19. Perform such other duties and responsibilities as may be assigned to the Compensation Committee by the Board of Directors and/or the Chairman of the Board or as designated in plan documents.
20. Make delegations of authority and responsibilities of the Compensation Committee as the Compensation Committee deems appropriate and periodically review such delegations.
21. In performing its responsibilities, the Compensation Committee shall consult with the Chief Executive Officer and the Chairman of the Board of Directors.
22. The Compensation Committee shall oversee the Company's compliance with the requirement under the New York Stock Exchange rules that, with limited exceptions, shareowners approve equity compensation plans and material amendments thereto, and shall have the authority to approve the inclusion in the Company's proxy statements of requests for shareowner approval of any such plans or amendments.
23. The Compensation Committee shall monitor the Company's compliance with the requirements under the Sarbanes-Oxley Act of 2002 relating to 401(k) plans and loans to directors and officers, and other legal requirements affecting its compensation and benefits programs, in consultation with the Audit Committee as appropriate.
24. The Committee shall receive periodic reports on the Company's compensation programs as they affect all employees.
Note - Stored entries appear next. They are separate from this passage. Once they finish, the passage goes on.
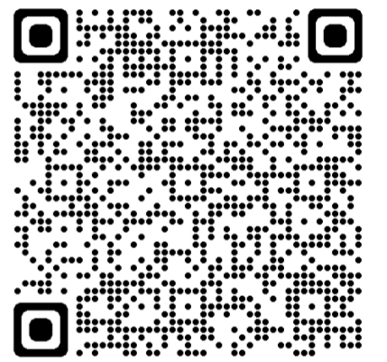
オンラインセミナー 利用規約 ※1

(1)右横の二次元コードもしくは、広島新卒応援ハローワークホームページから、「オンラインセミナー利用規約 ※1」を確認してください。 (申し込みをいただいた時点で、本利用規約に同意されたものとみなします。)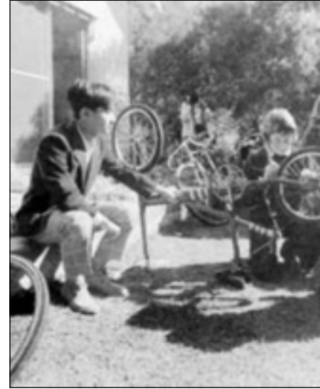
ناروهيئو به منالي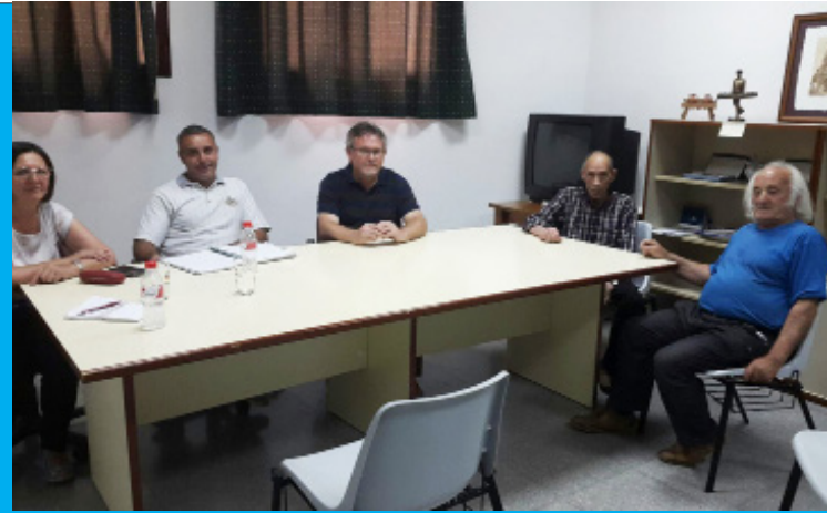
Ruñión con los diputados provinciales en Fuensanta.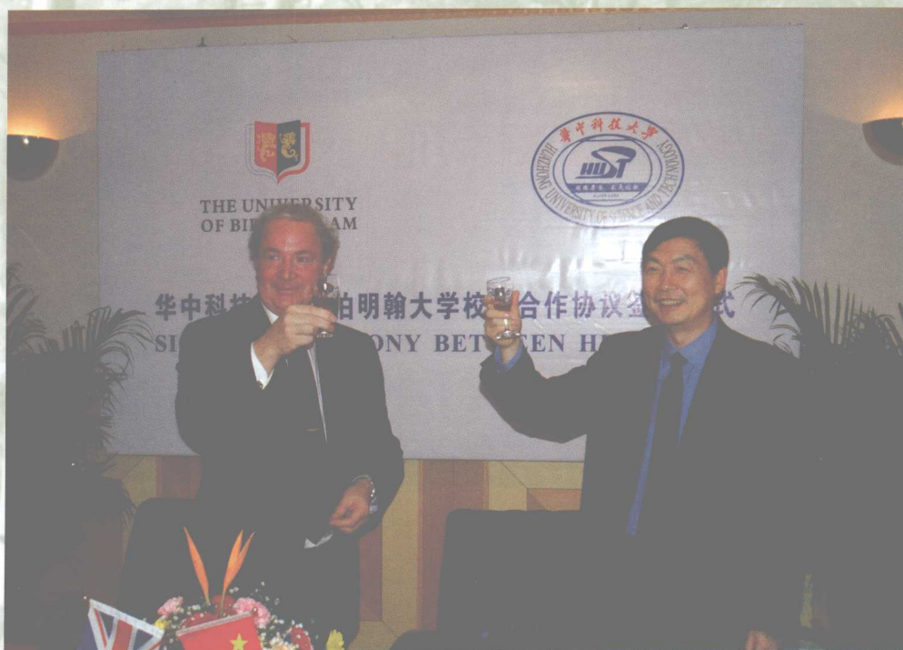
我校与英国伯明翰大学签订合作协议

The Compensation Committee shall produce and provide to the Board an annual performance evaluation of the Committee, which evaluation shall compare the performance of the Compensation Committee with the requirements of this Charter. The performance evaluation shall also recommend to the Board any improvements to the Compensation Committee's Charter deemed necessary or desirable by the Committee. The performance evaluation by the Committee shall be conducted in such manner as the Committee deems appropriate. The report to the Board may take the form of an oral report by the Chairperson of the Committee or any other member of the Committee designated by the Committee to make this report.